Il solo testo che si possa ancora far valere per dimostrare che Paolo avesse in vista un Gesù storico sono le parole d'istituzione della Cena, 1 Corinzi 11:23 ss. «Io ho ricevuto dal Signore quello che a mia volta vi ho trasmesso: il Signore Gesù, nella notte in cui veniva tradito, prese del pane e, dopo aver reso grazie, lo spezzò e disse: Questo è il mio corpo, che è per voi; fate questo in memoria di me. Allo stesso modo, dopo aver cenato, prese anche il calice, dicendo: Questo calice è la nuova alleanza nel mio sangue; fate questo, ogni volta che ne bevete, in memoria di me. Ogni volta infatti che mangiate di questo pane e bevete di questo calice, voi annunciate la morte del Signore finché egli venga». Finalmente teniamo qui, a quanto sembra, un'allusione ad un fatto ben determinato, ad un dettaglio preciso della vita di Gesù: la notte, il tradimento, il pasto che precede l'arresto! Gli avversari del mito di Gesù — non ci sarebbe da stupirsi — dichiarano trionfalmente che questo passo è «mortale» per i negatori della storicità (Giovanni Weiss).
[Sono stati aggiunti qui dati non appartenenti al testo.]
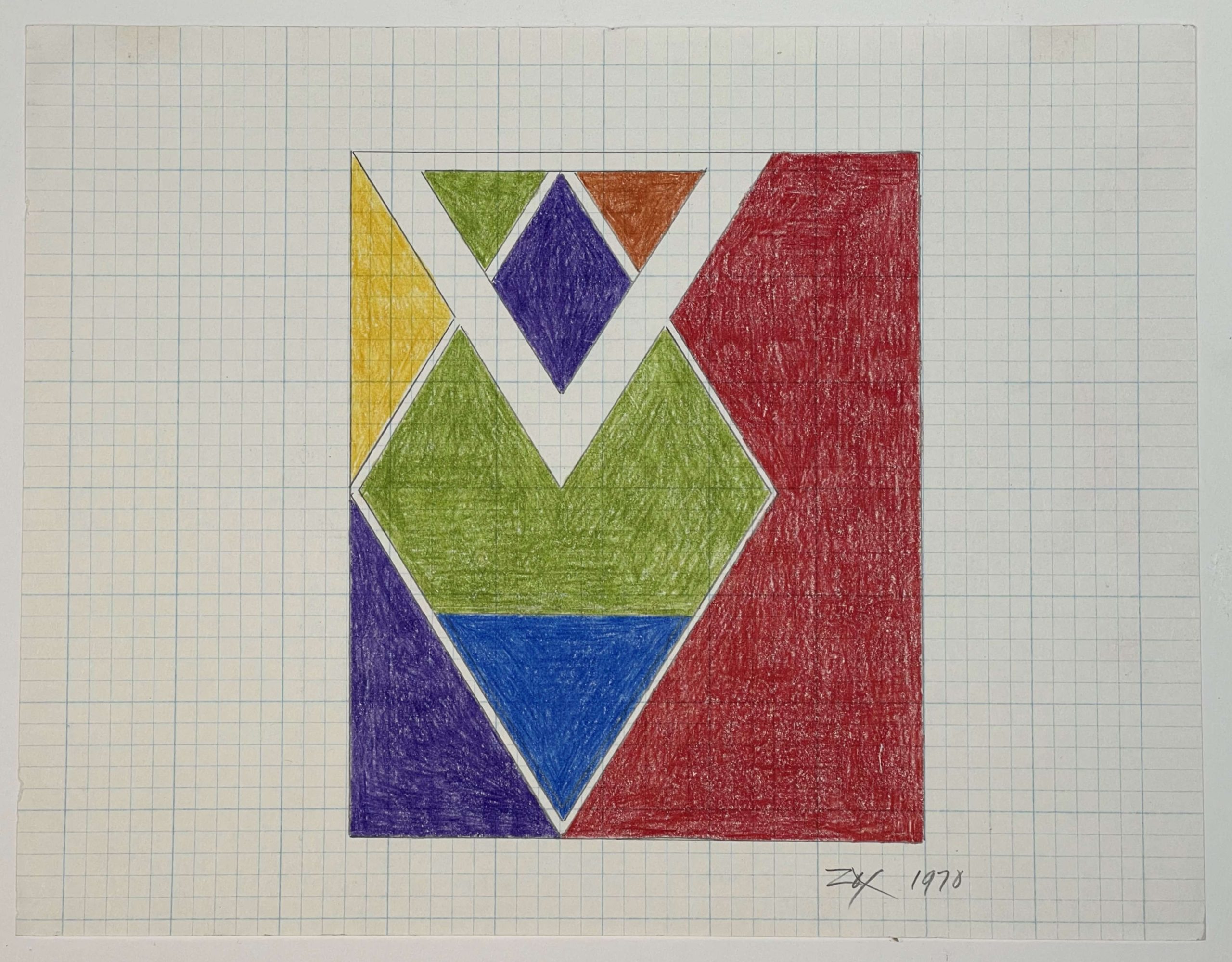 This work is one of the most important motifs from Larry Zox, one of the most important artists doing hard-edge geometric abstraction. Demonstrating extraordinary skill as a colorist and in shape and form, his “Diamond Drill” series was a highlight of his 1973 major retrospective at the Whitney.

Esaminiamo il testo un po' più da vicino! «Nella notte in cui fu tradito!» Gesù è dunque stato tradito? Tutta quella storia di tradimento, dal punto di vista dello psicologo come dello storico, è così strana, che senza dubbio molti lettori intelligenti dei vangeli vi si sono scontrati. Si immagina un Gesù che, sapendo che uno dei suoi discepoli lo tradirebbe e perderebbe così per tutta l'eternità la sua anima, non fa nulla per impedire al miserabile di realizzare il suo disegno, che, al contrario lo esorta a farlo, e che non fa nulla nemmeno per eludere gli effetti! Si immagini l'atteggiamento dei discepoli: Il maestro ha appena rivelato loro che uno tra loro lo avrebbe tradito nella stessa notte. I discepoli atterriti si guardano e gli domandano: «Sono forse io, Signore? Sono io?». Ciascuno, si direbbe, doveva credere di poter garantire per sé stesso, e vegliare sugli altri per scongiurare il tradimento. Niente! Tranquillamente, come se nulla fosse accaduto, i Dodici abbandonano con Gesù la sala della Cena, ed escono nella notte senza accorgersi che uno di loro ha appena lasciato il gruppo. Si immagina anche che Giuda riesca a farsi pagare dal sommo sacerdote per tradire un uomo che tutti i giorni circola liberamente per le strade di Gerusalemme, e che anche la notte poteva essere trovato senza i servizi di un traditore, tanto più che era costantemente accompagnato dai suoi dodici discepoli che potevano difficilmente sfuggire agli occhi di un investigatore. «Che Giuda», dice Kautsky, «abbia tradito Gesù è pressappoco altrettanto verosimile come se la polizia berlinese pagasse un informatore per indicargli il cittadino di nome Bebel». Il fatto è che l'intero episodio del tradimento non è altro che una trama fatta di allusioni alle profezie dell'Antico Testamento, e Giuda, lungi dall'essere un personaggio storico, è solo il simbolo e la personificazione della nazione odiata dai cristiani. Da qui il suo nome: Giuda. [28] Paolo doveva quindi ignorare l'episodio di Gesù tradito durante la notte, e il passo citato dalla prima ai Corinzi, che suppone il contrario, non può ispirare alcuna fiducia. 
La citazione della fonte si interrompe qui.